Niederdedinghausen. Über 70 Jahre ist es her, dass der Brite Bernard Tamplin das letzte Mal auf dem Hof Stratmann in Niederdedinghausen war – damals als junger Besatzungssoldat. Jetzt ist er, mit beachtlichen 90 Jahren, an den Ort zurückgekehrt, an den er sich all die Jahre mit Begeisterung und Wehmut erinnert hat. Seinen Herzenswunsch ermöglicht haben die hartnäckigen Recherchen seiner guten Freundin, Liselotte Steffen, aus der Schweiz.

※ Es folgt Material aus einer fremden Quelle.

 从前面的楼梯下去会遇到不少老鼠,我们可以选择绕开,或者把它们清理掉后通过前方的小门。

Reichlich überrascht war Familie Schulte-Stratmann aus Niederdedinghausen, als vor einigen Tagen ein Anruf kam, dass sie händeringend gesucht wird. Und zwar von Liselotte Steffen, die ihren langjährigen Freund und einstigen „Gastvater“ Bernard Tamplin zum 90. Geburtstag mit einer Reise in die Vergangenheit überraschen wollte.

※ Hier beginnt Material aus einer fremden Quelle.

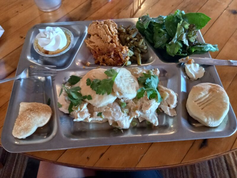 Toaster House recorded 900 visitors in 2022. This was causing a bit of controversy with the locals as the Toaster House was often exceeding its water quota. On the other hand, it was bringing trade into this small community (186 people). The town is so called as it had a bakery in the 1920s that was famous for its apple pies. Pie Town now has two Pie Cafes producing all types of savoury and sweet pies and has a Pie Festival in September. We tried both cafes; one for an evening meal and one for breakfast. For the evening meal we went to the cleverly named the “Pie-o-neer” where we experienced our first meal to include “Gravy and Biscuits”. The biscuits are actually more like scones.

Aber von vorne: Liselotte Steffen zog als junge Studentin nach London, wo sie bei den Tamplins unterkam: „Sie haben mich seelisch adoptiert“, sagt sie selbst. Bis heute stehen sie in engem Kontakt, doch schon damals bemerkte sie Bernard Tamplins Sehnsucht nach einem ländlichen Ort in Deutschland. „Ich habe ihn gefragt, warum er einige Worte deutsch spricht“, erinnert sie sich. Und: „Er hat mir von diesem Ort bei Lippstadt erzählt, wo er als Soldat zusammen mit einem Kameraden auf einem Bauernhof für die Pferde der Offiziere zuständig war.“
Im September stand der 90. Geburtstag von Tamplin an – diesen nahm Steffen zum Anlass, um das Lippstädter Stadtarchiv anzuschreiben und mit alten Fotos eines Bauernhauses nach dem besagten Ort zu suchen. Denn: Zum 90. sollte es eine Überraschungsreise dorthin sein.

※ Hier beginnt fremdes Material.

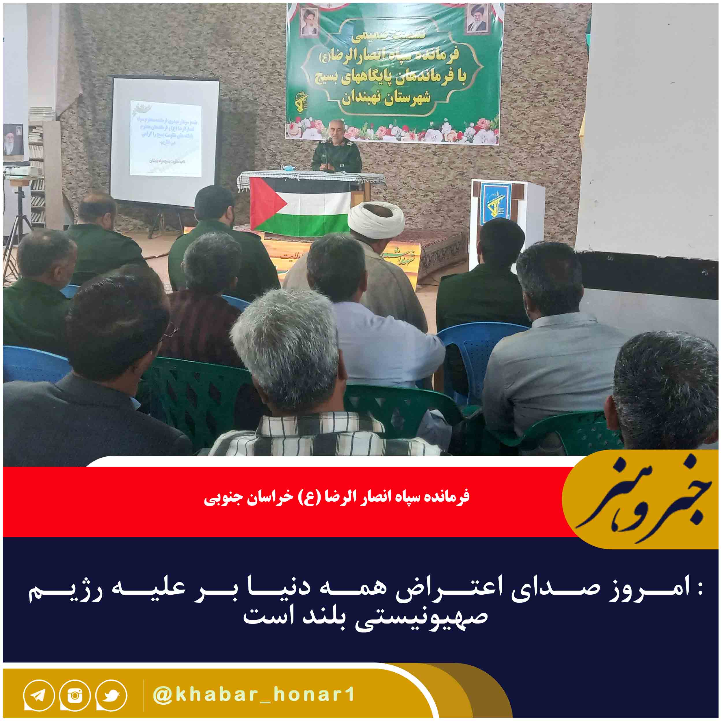 فرمانده سپاه انصار الرضا (ع) خراسان جنوبی با بیان اینکه بساط رژیم صهیونیستی به زودی برچیده می‌شود گفت: امروز صدای اعتراض همه دنیا بر علیه رژیم صهیونیستی بلند است

Aufmerksame Augen fanden Steffens Mails in Lippstadt: Archivar Marvin Herrmann und der Ortsvorsteher von Hörste, Berthold Buttler, nahmen sich der Suche an; Letzterer gab den entscheidenden Hinweis: Buttler erkannte das Gebäude auf einem der Fotos – der Plan der Schweizerin sollte aufgehen, die Reise wurde binnen Tagen gebucht. Und Tamplins Reaktion am Ehrentag? „Ihm liefen die Tränen!“
Nur zehn Tage später saßen beide im Flugzeug. Familie Schulte-Stratmann empfing das Duo am vergangenen Wochenende auf ihrem Hof: „Unfassbar, was hier für uns getan wurde“, bedankten sich die beiden Gäste für das (wie sie es nannten) „Reiseleitungs-Komplettpaket“.
Beim Spaziergang über das Gelände konnten die Beteiligten in Tamplins Augen die Erinnerungen förmlich aufblitzen sehen: Den Bach hinter dem Hof behielt er als See im Gedächtnis, auf dem er mit den Stratmanns und ihren fünf Töchtern Schlittschuh lief. „Meine Mutter schwärmte von den beiden Briten“, erklärte Franz-Josef Schulte-Stratmann. Auch Namen und sogar Adressen fielen dem Briten plötzlich wieder ein.
Ende der 1940er Jahre hatte Tamplin zusammen mit einem Kameraden in einem eigenen Wohnbereich auf dem Hof gelebt. Seine britische Einheit hatte ihre Basis in Braunschweig, die Anreise erfolgte über Hannover. Durch seine Zuständigkeit für die Offizierspferde auf dem Hof, war es ihm möglich, täglich auszureiten. Als wäre es gestern gewesen, berichtete er den Schulte-Stratmanns vom Zusammenleben mit ihren Vorfahren. Beide Seiten tauschten alte Fotos aus – auf so manchem entdeckte sich Tamplin gar selbst wieder.
Abrunden soll die Reise ein Besuch der Wewelsburg und der Möhnetalsperre.